Chodziło o jakąś drogę.
Może Pani Jaworowicz pokaże i ten kawałek życia tego Pana. Albo niech porozmawia z sąsiadami.
0 0
Pani Jaworowicz przyjechała w konkretnym celu. Nie interesują jej opinie sąsiadów czy mieszkańców powiatu, którzy "kochają" bohatera z Nowej Zelandii - tak jak on "kocha" Kaszubów.
0 0
Ale będzie reportaż o bezinteresownym człowieku co pokochał Kaszubów i charytatywnie ich wspierał swoją fortuną. Czy dobrze zrozumiałem tekst z Rzeczpospolitej, że chce kupić posiadłość w Portugalii i na stare lata tam wyjechać? Miłośnik Kaszub i Kasuzbów.
0 0
I znowu zawiść i ksenofobia podnosi swój ohydny łeb.
Narodowa cecha 'potrzeby oskubania obcego', bo obcy więcej ma i obowiązkiem obcego jest dawać bez końca - daje znowu o osobie znać. Ci rzekomo wykolegowani, oskubani sąsiedzi to pewnie ci, którym wykolegować, oskubać obcego się nie udało.
0 0
Pan ma bardzo interesujące podejście, wizję oraz sposób formuławania własnych myśli i celów - ... 'połączył mnie wspólny cel - wykopać MGG i...? Udało się. Oby na wieki!'
Czy był to jednorazowy, docelowy atak na MGG, czy ma Pan jakąś szerszą przekładnię i szersze horyzonty?
MAW-W
0 0
Podejrzewam, że coś Pana boli, coś Panu dolega. Czyżby przeszkadzał Panu fakt, że John Borrell stworzył to, czego nikomu by się nawet nie przyśniło stworzyć w Pana okolicy? Chce Pan, aby Pani Jaworowicz rozmawiała z Panem? Przecież to nie o Panu i Pana osiągnięciach lub ich braku program.
MAW-W
0 0
MGG drażnił mój okład nie tylko nerwowy, podobnie jak wielu innych, także Pan Johna. Obecnie to dla mnie historia, gdyż żyje ponad tysiąc kilometrów od takiego jak MGG typa (i takich jak on). Jakby nie było ponad 8 lat pisywałem tu i owdzie, i nawet płaciła mi ta, czy inna redakcja za to pisanie. Przez takich MGG spalałem widać niepotrzebnie swoje kalorie, wszak wielu ta kanalia pasowała (i nadal pasuje).
Stalem sie wróg publiczny nr 1, a co już na mnie wylano? Bedzie prościej - czego nie?
dla takich nono jestem cwaniaczkiem (to akurat dobra cecha czasami - cwaniactwo), dla innych ........................ (wpisać co komu pasuje), a cieszy mnie tylko to, że jak jestem w Kartuzach to dawni przyjaciele są nimi nadal - wszak o to chyba chodzi?
0 0
To chyba co niektórzy sąsiedzi chcą wykolegować obcego, a nie na odwrót. Najpierw proszą ,żeby kupił a potem jak im się uda sprzedać to myślą ,że to nadal ich.
0 0
Za sprawa niejakiego szpiega teraz bynajmniej wiemy po co Borel założył gazete i i jaki był jej pzrewodni cel. Żal takich małych i zawistnych ludzi. Po wykopaniu jeden pozbył sie gazety a drugi wyemigrował.
0 0
Spodnie opadaja od tej zawisci,nienawisci i zazdrosci.!
0 0
I teraz już wiem o co tutaj chodzi.
Po co komu uczciwość i prawda? To nigdy nie jest w modzie. To się nikomu nie opłaca!
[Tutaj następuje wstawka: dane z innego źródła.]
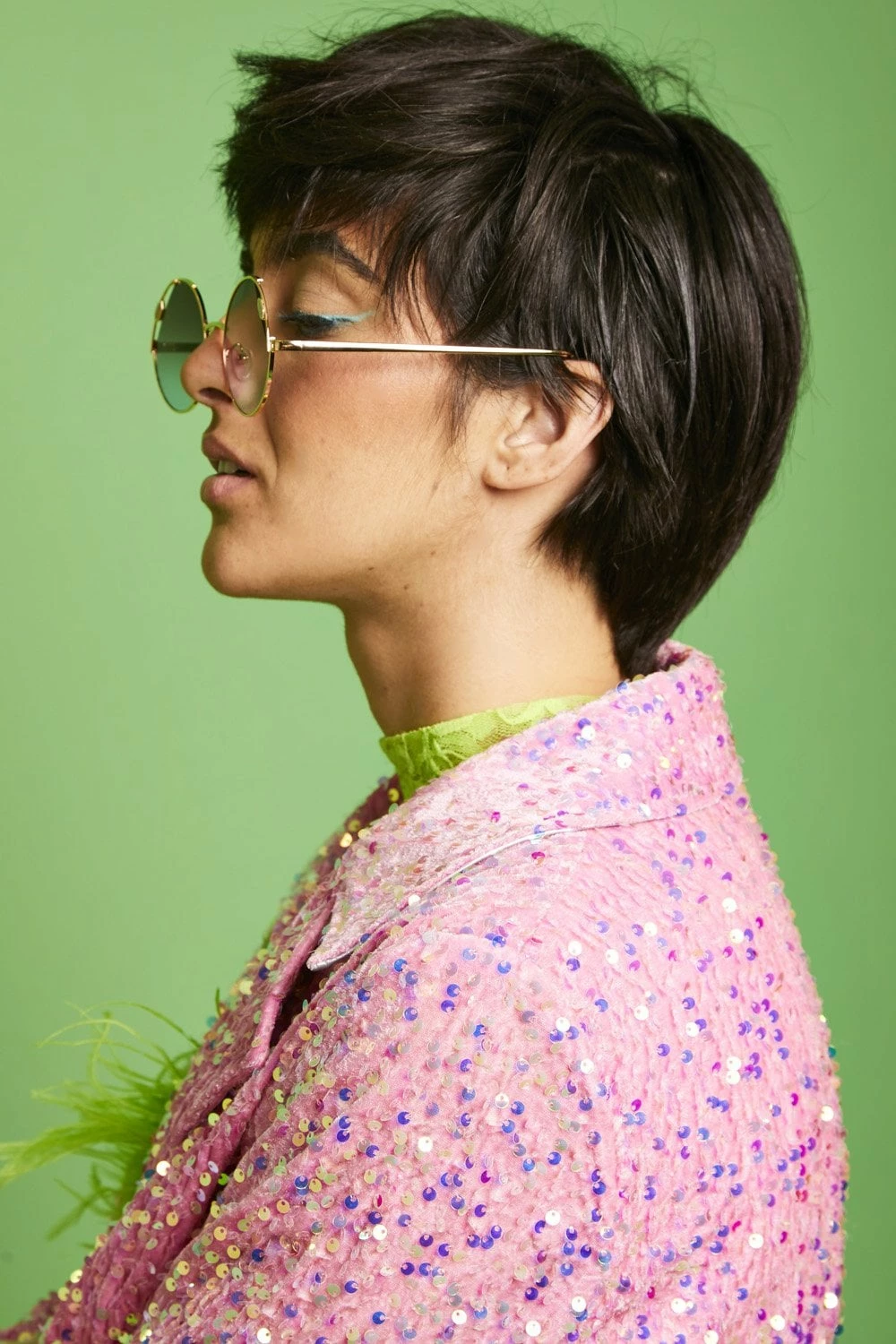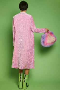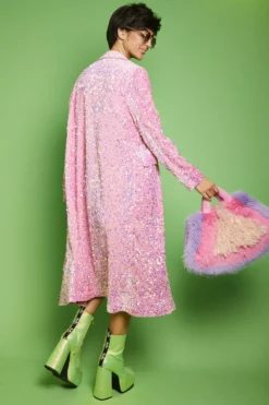 So much more than just a trench coat. This velvet trench coat is adorned with sequins, giving you a luxurious statement-making entrance.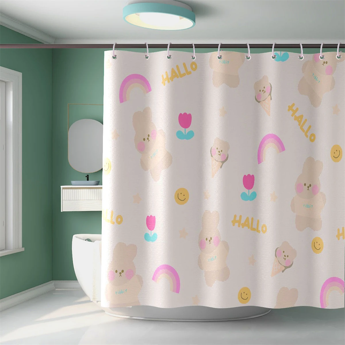 Занавеска для душа в скандинавском стиле с изображением оленя, милые животные, цветные цветы, водонепроницаемая занавеска для ванной из полиэстера, Длинные s-образные занавески 220 см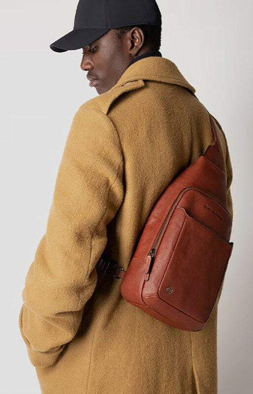 Рюкзак слинг Piquadro Blue Square коричневый, натур.кожа, 37x20x10 см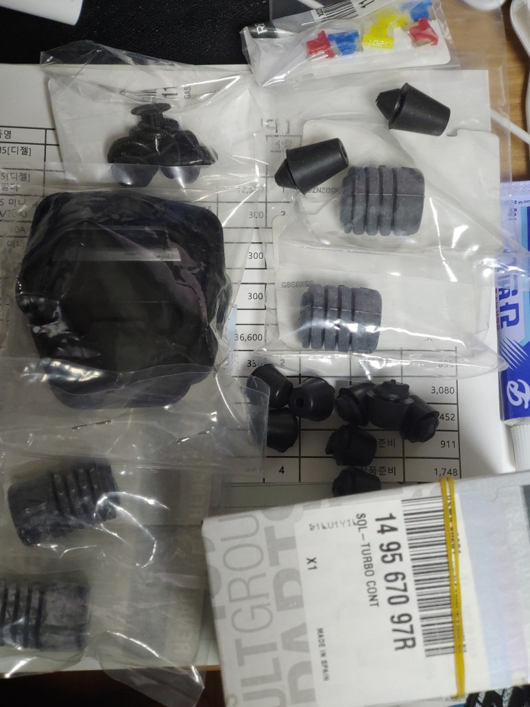 솔레노이드밸브가 2가지 종류가 있는데 개선품(10년 6월 이후)이 더 저렴하고 제 차량에 맞는 부품이라 개선품으로 주문하면서 보닛, 트렁크, 도어 고무류와 에어덕트 고정핀, 도어스트라이커 커버, 예비용 휴즈 등을 함께 주문했습니다.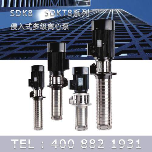 SDK8/SDKT8為配用標(biāo)準(zhǔn)電機(jī)的非自吸立式多級離心泵,電機(jī)軸和泵軸用聯(lián)軸器直接聯(lián)接的結(jié)構(gòu)。為滿足水槽或容器的安裝深度,可安裝空套的腔體來改變泵本身的侵入 深度。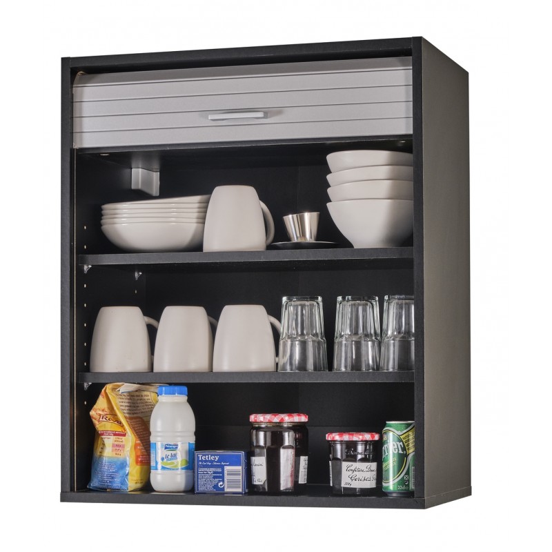 Meuble Elément Haut de Cuisine. Coloris Noir + Rideau Blanc, Chêne ou Alu. Largeur 60 cm Hauteur 72 cm Profondeur 35 cm. 2 Tablettes réglables. Fermeture par 1 Rideau. A suspendre ou à poser. Meuble éco-conçu. Fabriqué en France. Eco-conçu, certifié PEFC. Livraison sous 7 jours offerte.

Zaszczuć zawiścią, zawładnąć cudzym mieniem, obrzucić błotem, opluć doszczętnie i dokopać, przede wszystkim dokopać. Nie ma to, ja dobrze komuś dokopać.
Wtedy możemy się poczuć w pełni dowartościowani, bo spełniliśmy swój chrześcijańsko/obywatelski obowiązek!
0 0
Pani Małgorzato, udzieliłem Pani odpowiedzi, ale widzę, że Wojtek ją skasował. Co było powodem nie wiem i w związku z powyższym nawet nie chce mi się logować.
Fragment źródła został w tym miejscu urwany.